Problem to work on: Your output should consist solely of the lines from the one holding "Вартминский, Ф. Слово" to the end of the records below, inclusive, reproduced exactly and free of pictures.
--
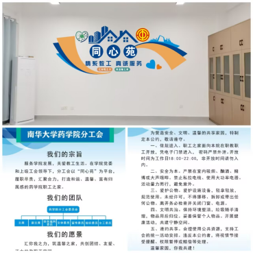 经过精心筹备与建设,公司分工会“同心苑”职工之家于近日正式落成并投入使用。“同心苑”职工之家位于药学楼B614室,旨在为全体教职工打造一个放松身心、交流思想、开展文化生活的“温馨家园”。
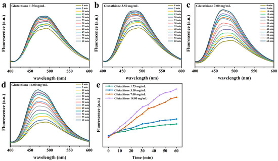 ANS fluorescence intensity characteristic of Lys upon mixing the Lys buffer with GSH buffer at different concentrations. (a) 1.75 mg/mL. (b) 3.5 mg/mL. (c) 7 mg/mL. (d) 14 mg/mL. (e) The change in the ANS fluorescence intensity at 475 nm as a function of the reaction time at four different concentrations of the GSH buffer.
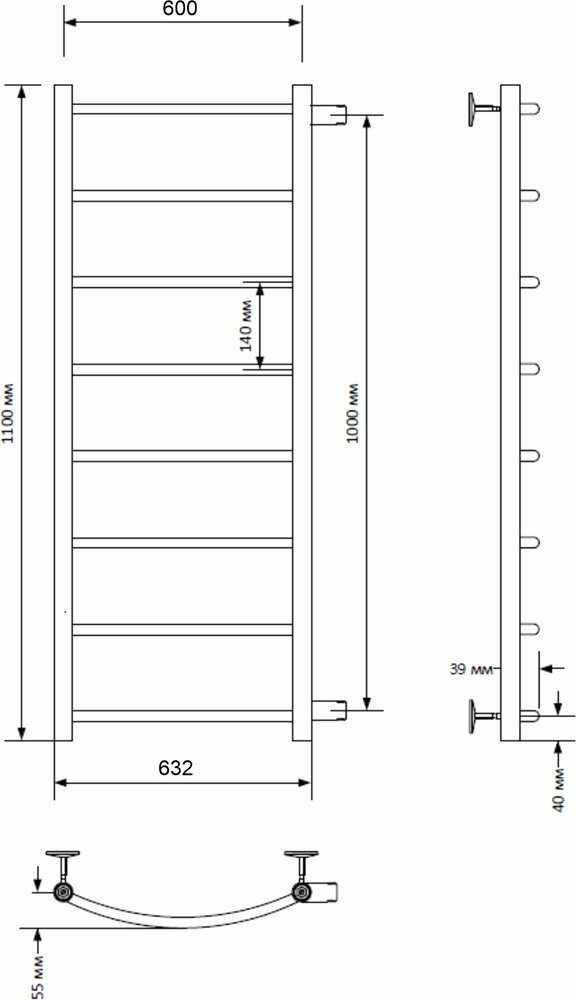 Отзывы на Полотенцесушитель водяной Indigo Arc LASW110-60-б/п-100 боковое подключение, серебристый
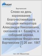 Вартминский, Ф. Слово на день коронования благочестивейшего государя императора Александра Николаевича, сказанное в г. Бахмуте, в соборной церкви, священником Феодосием Вартмиским [!] 26 авг. 1867 г. / Ф. Вартминский .— : тип. А.И. Мамонтова, 1868 .— 10 с. — URL: https://rucont.ru/efd/58208 (дата обращения: 07.11.2025)
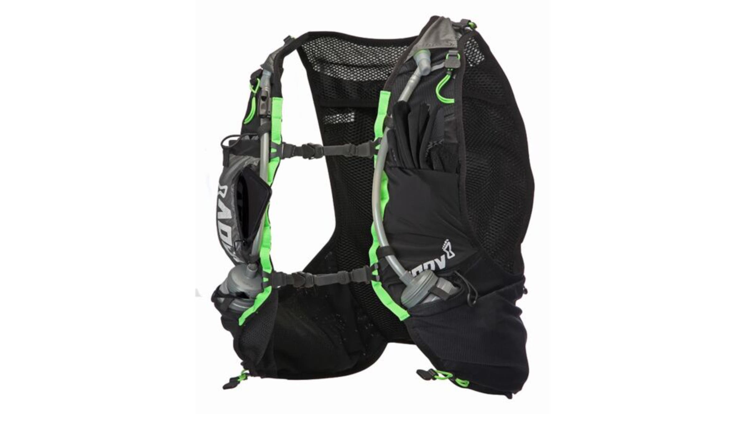 The Race Ultra Pro Vest from Inov-8 is one of the lightest hydration vests on the market, but it allows you to carry up to three liters of water, as well as any other gear you might need on a long run. With a harness-style fastening mechanism and an ultra-close fit, it’s the least cumbersome way to carry a lot of liquid and gear for runs of 20 miles or more. Mountain bikers will love the hands-free hydration and substantial storage as well.
--
Answer:
 Вартминский, Ф. Слово на день коронования благочестивейшего государя императора Александра Николаевича, сказанное в г. Бахмуте, в соборной церкви, священником Феодосием Вартмиским [!] 26 авг. 1867 г. / Ф. Вартминский .— : тип. А.И. Мамонтова, 1868 .— 10 с. — URL: https://rucont.ru/efd/58208 (дата обращения: 07.11.2025)
 The Race Ultra Pro Vest from Inov-8 is one of the lightest hydration vests on the market, but it allows you to carry up to three liters of water, as well as any other gear you might need on a long run. With a harness-style fastening mechanism and an ultra-close fit, it’s the least cumbersome way to carry a lot of liquid and gear for runs of 20 miles or more. Mountain bikers will love the hands-free hydration and substantial storage as well.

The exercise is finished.